Sur le plan social, la SAS doit reprendre la transmission mensuelle de la DSN. Si aucune paie n’avait été produite pendant la période de sommeil (ce qui est fréquent lorsque le président n’était pas rémunéré), il faut s’assurer que le logiciel de paie ou le prestataire social est informé de la date de reprise effective.

Sur le plan fiscal, plusieurs obligations reprennent dès la reprise effective : les déclarations de TVA si la société est assujettie, les acomptes d’impôt sur les sociétés selon les règles ordinaires, et le dépôt des comptes annuels — une obligation qui, en réalité, ne s’était jamais interrompue : elle est maintenue pendant toute la durée de la mise en sommeil, en application des articles L232-21 et suivants du Code de commerce. Les déclarations fiscales restent dues même à néant pendant le sommeil ; il ne s’agit donc pas d’une reprise mais d’une continuité.

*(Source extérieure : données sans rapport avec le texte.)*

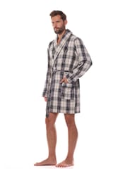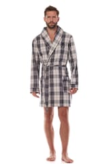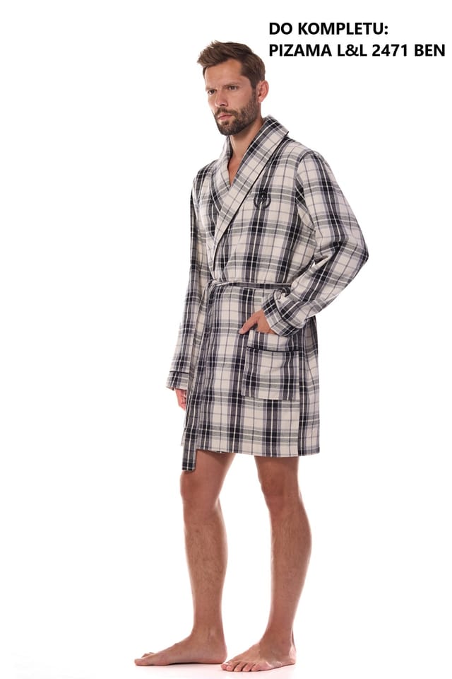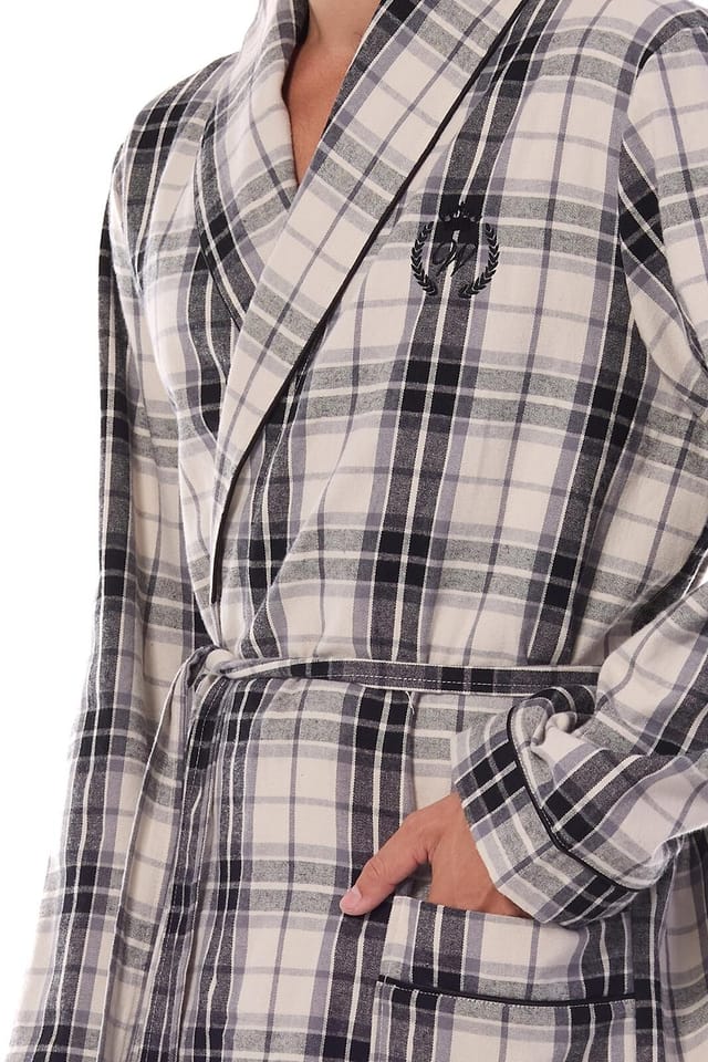 Krótki szlafrok męski z ciepłej flaneli w kratę o klasycznym fasonie. Po bokach kieszenie, wiązany w pasie, długość przed kolano. Na piersi ozdobny haft. Skład: 100% bawełna.

Sur le plan de la CFE (Cotisation Foncière des Entreprises) : un dégrèvement est possible en l’absence d’activité pendant la période de sommeil, en application de l’article 1478 du Code général des impôts. La réclamation doit avoir été déposée avant le 31 décembre de l’année suivant la mise en recouvrement (article R196-1 du Livre des procédures fiscales). À la reprise, la SAS redevient redevable de la CFE dans les conditions de droit commun. Vérifiez qu’une demande de dégrèvement a bien été déposée pour chaque période de sommeil concernée — c’est un point que beaucoup de dirigeants laissent passer, faute de rappel de la part de l’administration.

Pour approfondir vos obligations générales après une période de cessation temporaire, consultez notre guide Après mise en sommeil : que faire ? Guide complet.

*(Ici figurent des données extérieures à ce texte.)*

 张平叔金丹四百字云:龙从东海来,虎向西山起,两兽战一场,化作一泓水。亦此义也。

ARE et rémunération : peut-on cumuler lors de la reprise ?

La question du cumul entre l’Allocation de Retour à l’Emploi (ARE) et la reprise d’activité comme président de SAS revient souvent. Elle mérite une réponse nuancée, car plusieurs cas de figure coexistent.

Reprise sans rémunération : si la SAS reprend son activité mais que le président ne se verse aucune rémunération dans un premier temps, l’ARE peut en principe se poursuivre, sous réserve des règles de France Travail relatives à la création ou reprise d’entreprise, à confirmer directement auprès de son conseiller.

Reprise avec rémunération inférieure aux revenus antérieurs : France Travail peut maintenir une fraction de l’ARE selon un dispositif de cumul ARE/rémunération, dont la formule de calcul est propre à chaque situation et doit être vérifiée auprès de France Travail.

Reprise avec rémunération élevée : si la rémunération du président dépasse le seuil de cumul en vigueur, l’ARE est suspendue ; ce seuil doit être vérifié auprès de France Travail avant toute décision de rémunération.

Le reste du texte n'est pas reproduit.